We are in the Old Lab at Summerhall at 10.15am. Somehow, this feels completely appropriate, for what we are about to witness turns out to be as much a demonstration of practical physics and engineering skills as an art show – although all is done with the utmost artfulness. A calm and serious looking young man kneels onstage, leaning over an electric fan which has been placed on its side. He is feeding polystyrene balls into the wind current created by the fan and they move around in a circle, jostle each other, and eventually (for some, anyway) get edged out and on to the floor. He steps away, and over to a sheet of polystyrene, which is stacked between two fans which counterbalance each other and keep it upright. This is just the start. Later, there are all sorts of complicated games involving carved or shredded polystyrene, multiple electric fans, and a monochrome lighting plan that plays with the extremities of light and dark, as shadows are cast and strobes highlight the mechanised action.

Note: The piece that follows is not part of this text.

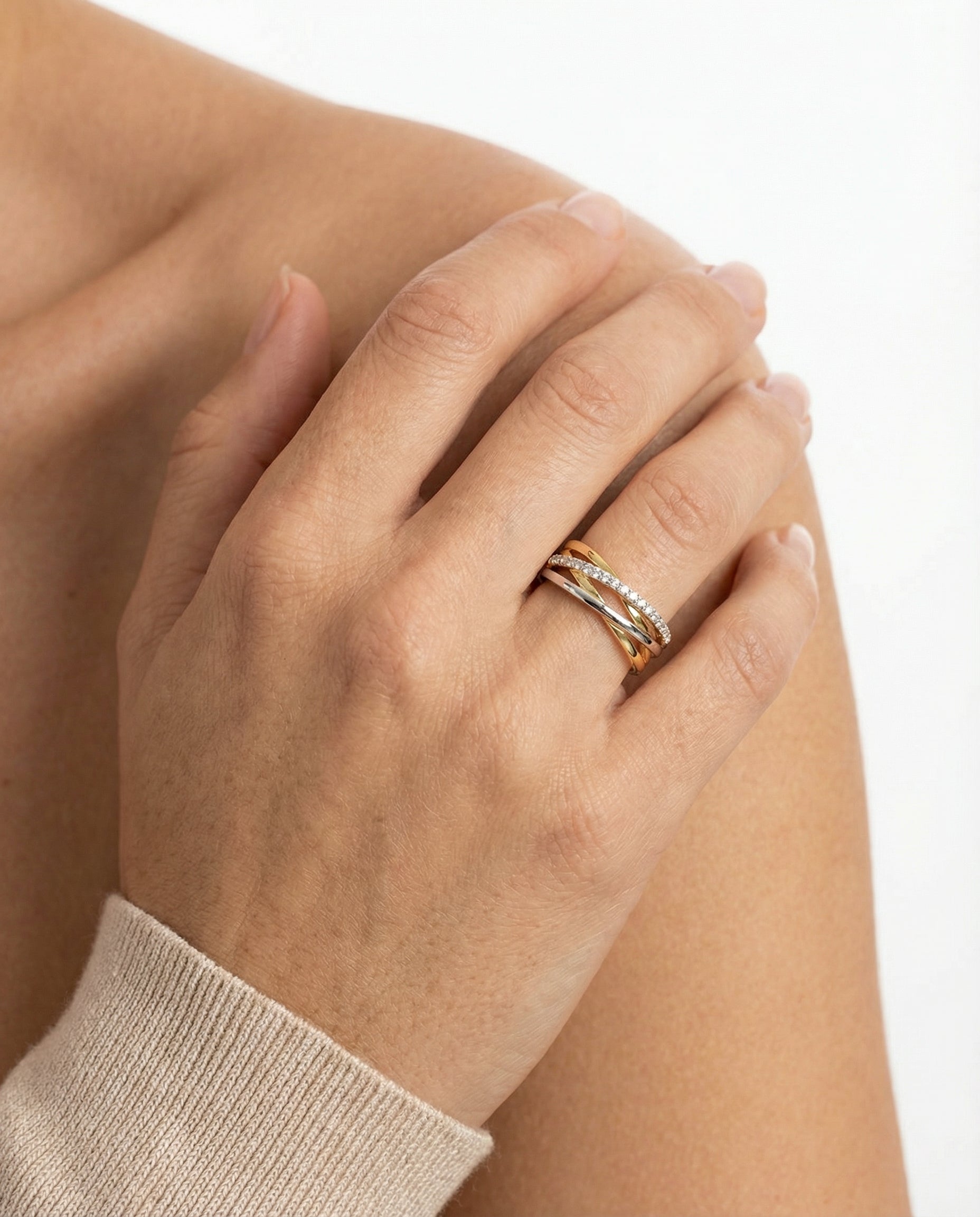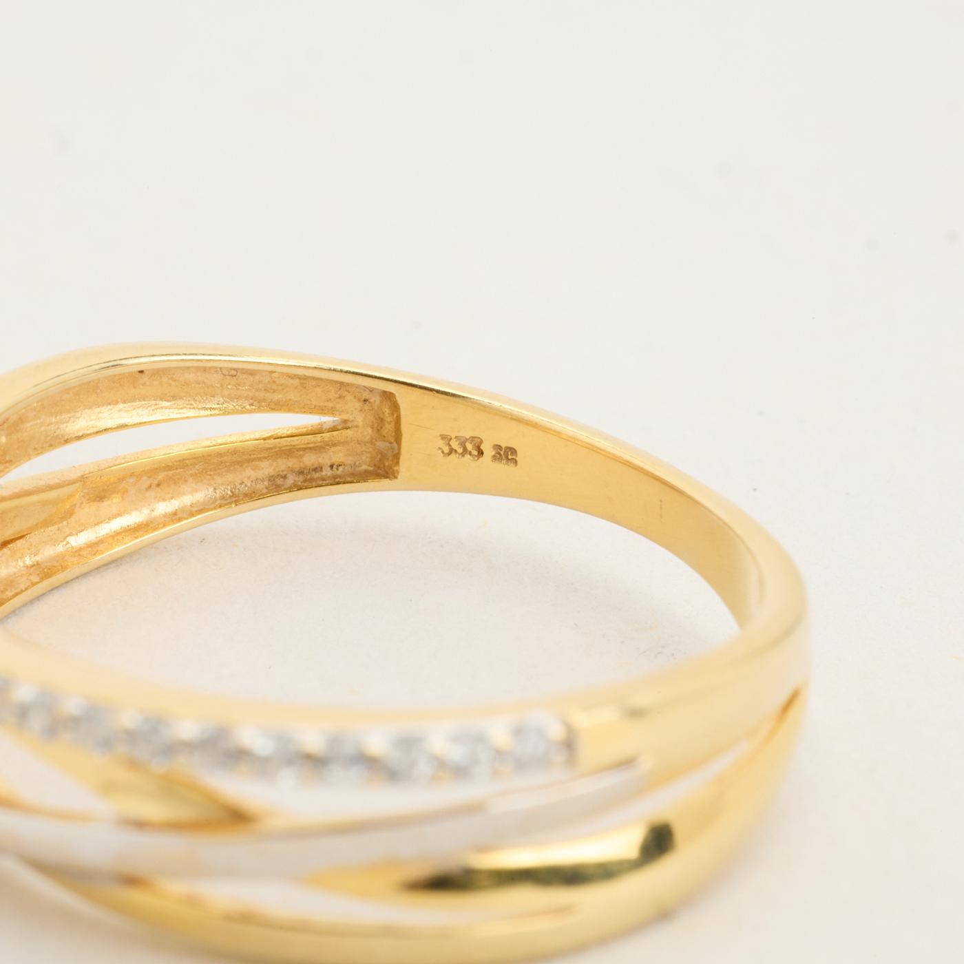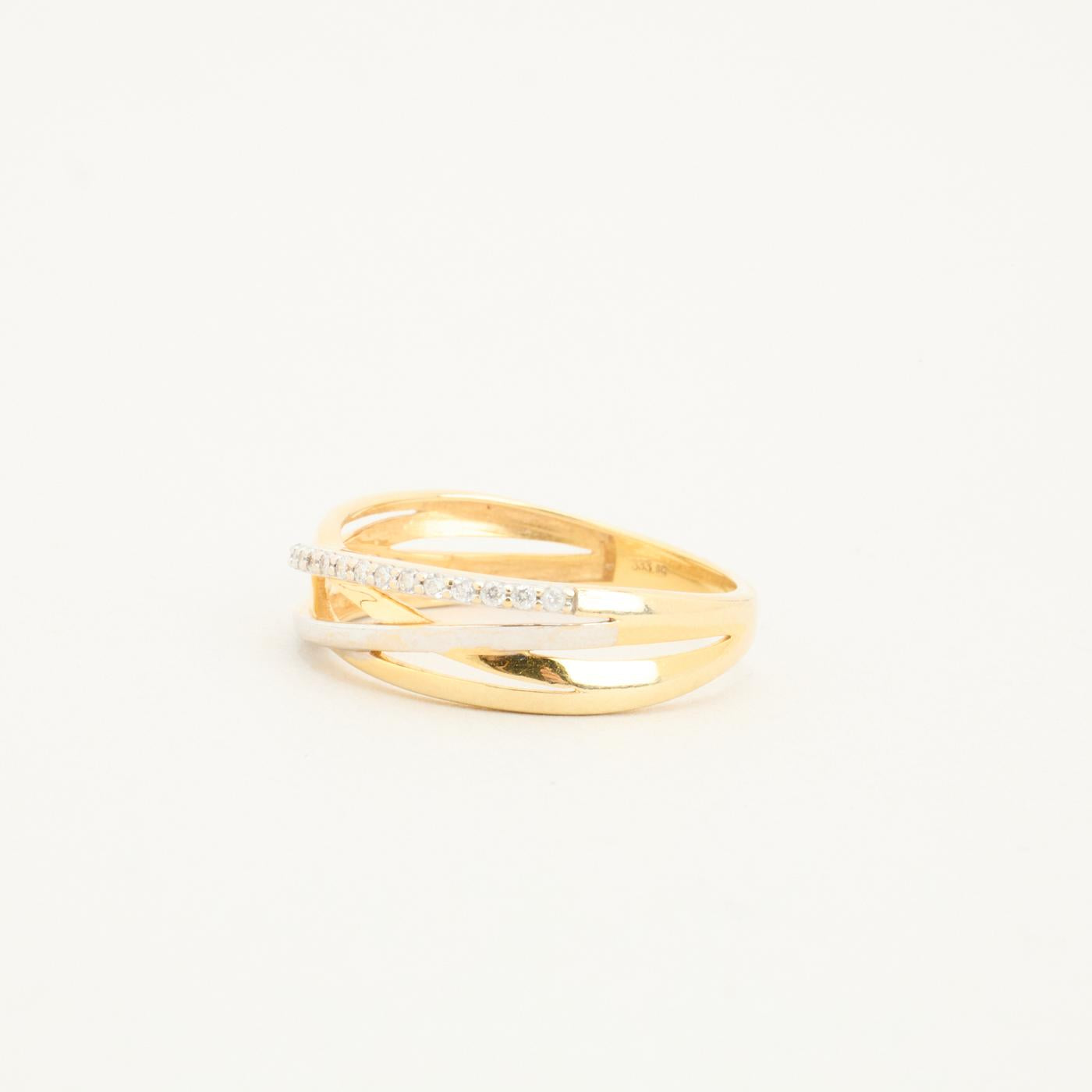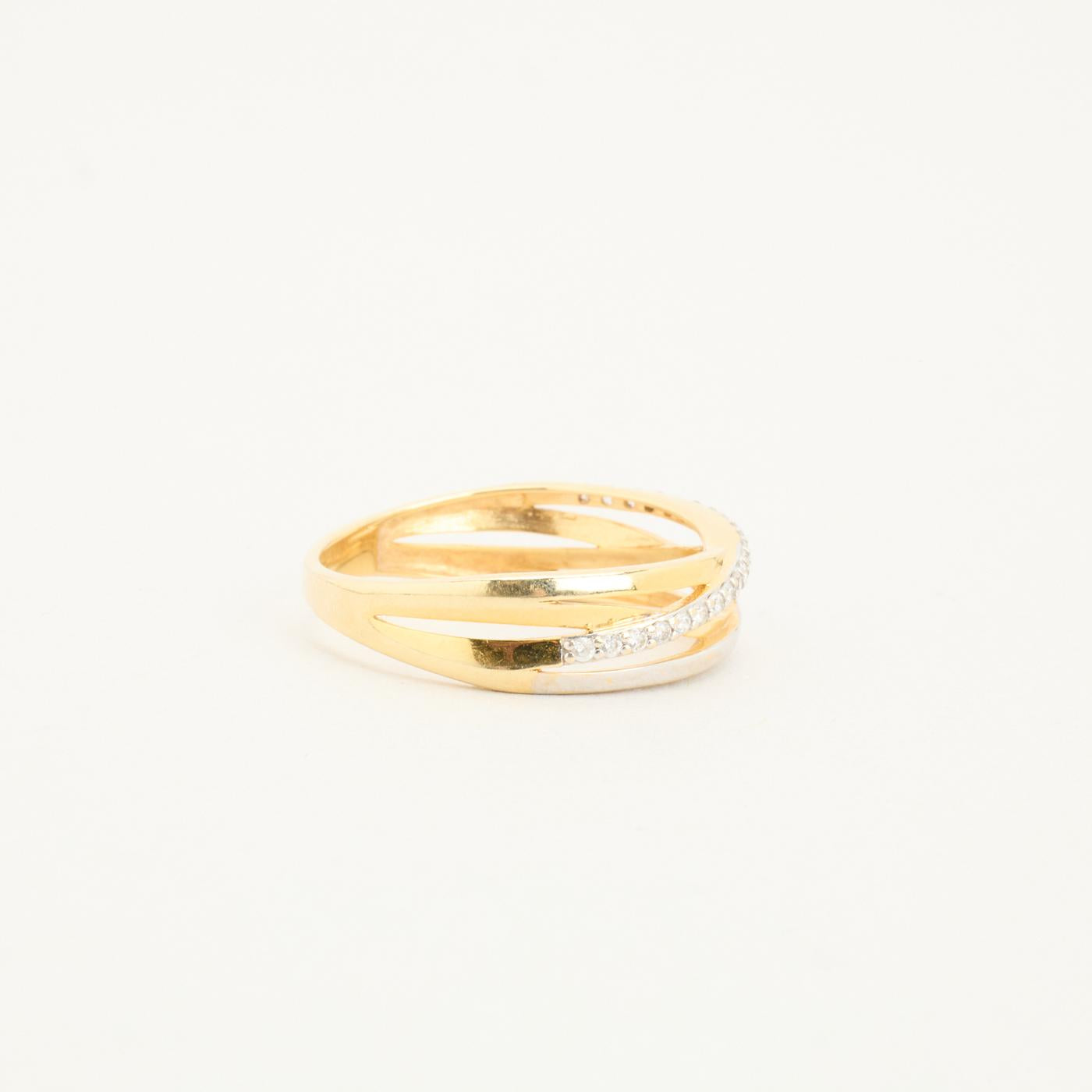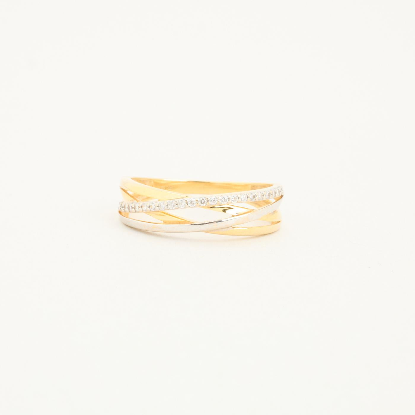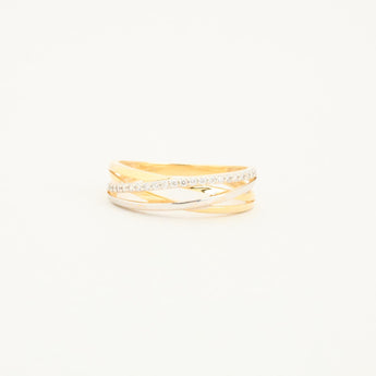 Crossoverring i 8K guld og hvidguld med flere zirkoniaer, Str. 57

This is Materia, a show by Andrea Salustri produced by the legendary Aurora Nova. It is described as ‘a choreography for several polystyrene shapes and one human’ – which is a pretty accurate summary. What starts as a straight forward ‘human manipulates object’ scenario evolves into a situation where the objects seem to be calling the shots. Creativity and destruction are balanced out – and there’s plenty of gentle humour too, as we (inevitably) anthropomorphise these polystyrene constructions and create narratives of our own. Here, a mechanical creature asserting its right to survive; there, a tide ebbing and flowing. The final stage picture gives us a grouping of around six automata all firing on full cylinders, accompanied by a great ‘industrial’ soundtrack. It is a truly novel example of brilliant object theatre. And in case you’re wondering what happens to all this shredded polystyrene, Andrea (speaking for the first and only time in the hour) reassures us that it is all taken back to Berlin and fed to plastic-eating worms. I kid you not.

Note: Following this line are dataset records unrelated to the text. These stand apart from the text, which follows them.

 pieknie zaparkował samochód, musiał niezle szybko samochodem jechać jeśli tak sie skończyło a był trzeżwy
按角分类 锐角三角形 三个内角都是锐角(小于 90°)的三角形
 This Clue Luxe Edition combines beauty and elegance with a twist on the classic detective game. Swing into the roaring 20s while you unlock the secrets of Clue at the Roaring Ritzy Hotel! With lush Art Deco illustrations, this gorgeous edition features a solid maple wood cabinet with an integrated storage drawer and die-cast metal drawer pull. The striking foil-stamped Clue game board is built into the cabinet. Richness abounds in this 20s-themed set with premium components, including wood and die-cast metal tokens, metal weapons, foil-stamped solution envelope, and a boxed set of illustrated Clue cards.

Over at Zoo Southside,Mechanimal’s Megalith promises – and delivers, ‘rocks, beats, geological bodies and stone circles’. A performer and sound artist (accompanied by two technicians also brought into the stage action) ‘playfully duet to deep-time techno, metamorphic soundscapes and the Internet of Things’.

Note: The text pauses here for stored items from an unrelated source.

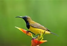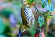 纹背捕蛛鸟:为太阳鸟科捕蛛鸟属的鸟类。是太阳鸟科中体型较大的一种,体重25-45克,体长160-210毫米。嘴粗长而尖且向下弯曲。上体橄榄黄色具黑色中央斑纹。下体淡黄白色满布黑色纵纹,尾具黑色次端斑。…全部>>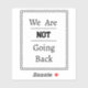 "NO Volvemos" es una frase familiar que se oye en estos días pero que se refiere a muchas cosas que ocurren en nuestras vidas. Un recordatorio agradable y amable. Ponte en cualquier superficie. Grabado negro sobre fondo blanco. Un regalo perfecto para un amigo o un ser querido.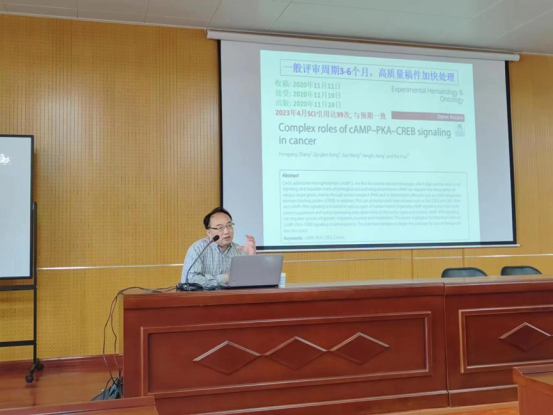 为进一步提高公司师生教科研能力与水平,特邀请华中科技大学吴孔明教授于4月26日下午四点在太阳成tyc7111cc官网学术报告厅作“高质量医学研究论文的设计、写作与评审”专题讲座。会议由副经理夏西超主持,公司约200名师生参加。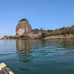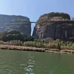 This is a beautiful, peaceful river in the Dragon and tiger mountain area. It's pure nature, surrounded by greenery, and small mountain peaks. It is accessable by a bamboo raft and there's even a possibility of a personal tour. On the river ladies in small boats sell zongzi (a Chinese sticky rice wrap), they are cheap and good. While going down the river the guide shows how and where people were buried a long time ago. It is a very silent and peaceful ride. While going down the river the guide also talks about the history of this place and ancient rituals. The bamboo rafts are pretty comfortable.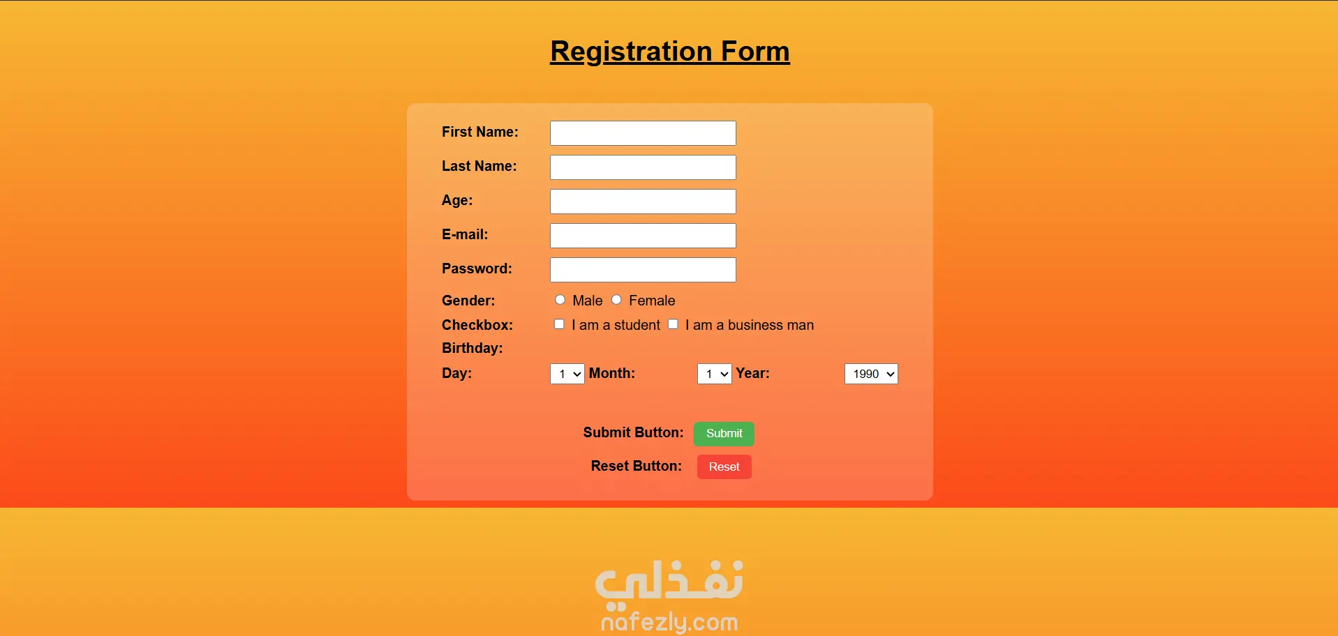 الصفحة دي تمثل نموذج تسجيل مستخدم جديد داخل نظام الجيم، معمول بتصميم عصري بسيط باستخدام HTML + CSS فقط، بألوان برتقالي متدرج لإضفاء إحساس بالطاقة والنشاط المرتبط بالرياضة واللياقة البدنية.
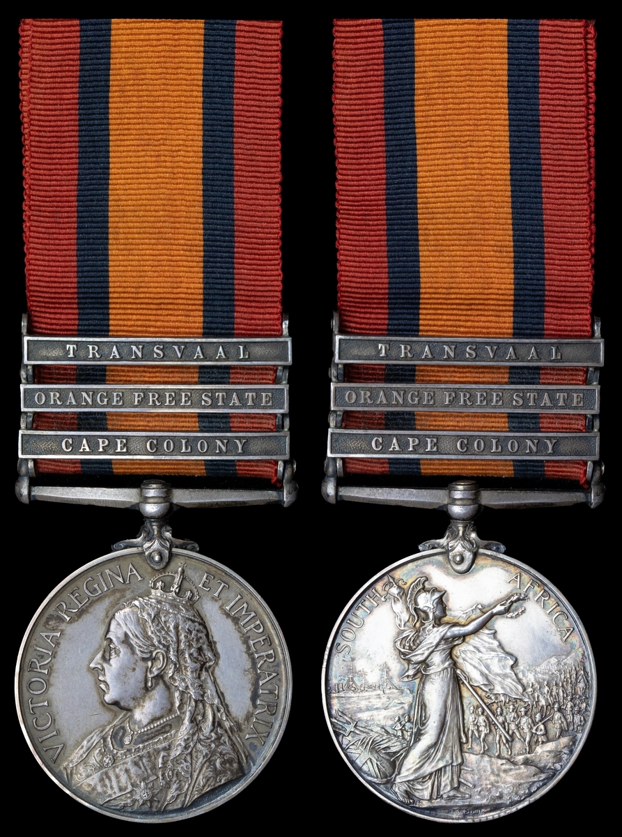 Queen's South Africa 1899-1902, 3 clasps, Cape Colony, Orange Free State, Transvaal (Pte F. Taylor. Imp: Yeomanry Bearer Coy), good very fine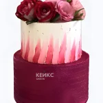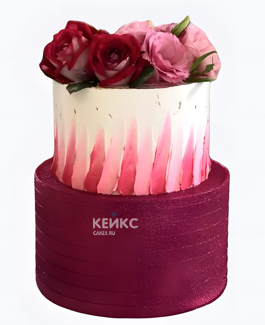 Свадебный торт марсала с розовыми мазками и розами

It starts with the onstage team fiddling and doodling with sounds and images, seemingly failing to get the show started. There are recurrent ‘failed to connect’ to the Internet and timed-out warnings. ’We seem to be having some problems here,’ says the sound artist. It’s only later I twig the relevance of this announcement coming from the stage, rather than from a front-of-house person or usher. After 10 or 15 minutes, the auditorium has finally quietened down, as one group of people after another realise that the show is, in fact, already underway. 

At the core of Megalith is an exploration of our crucial relationship to rock, and the part mining has played in our evolution. Every piece of technology we own has come from rock. And copper mining has fuelled the growth of human civilisation for the last 10,000 years. The trajectory of mining and technological development, and where we are at now in the 21st century, is explored – but not through a performance-lecture or other polemical info-driven means. Instead, the ideas are explored poetically: through the juxtaposing of visual imagery, with excellent projections / visual design from award-winning Limbic Cinema; through object manipulation (there are some very lovely stone balances created live); through physical action, as the performer moves through the space, in interaction with the stones, exploring the line-into-circle form at the heart of neolithic constructions such as Stonehenge; and through the excellent soundscape that moves easily from lyrical to industrial, employing everything from found sound to Tibetan bowls to hardcore electronics.

There is also an awful lot of noise and mess as each show involves smashing up to 250kg of rocks live on stage. I love every minute – it is so good to see (and hear) a show with a serious scientific and socio-political message at its heart tell its stories through visual, physical and musical means. A truly smashing show!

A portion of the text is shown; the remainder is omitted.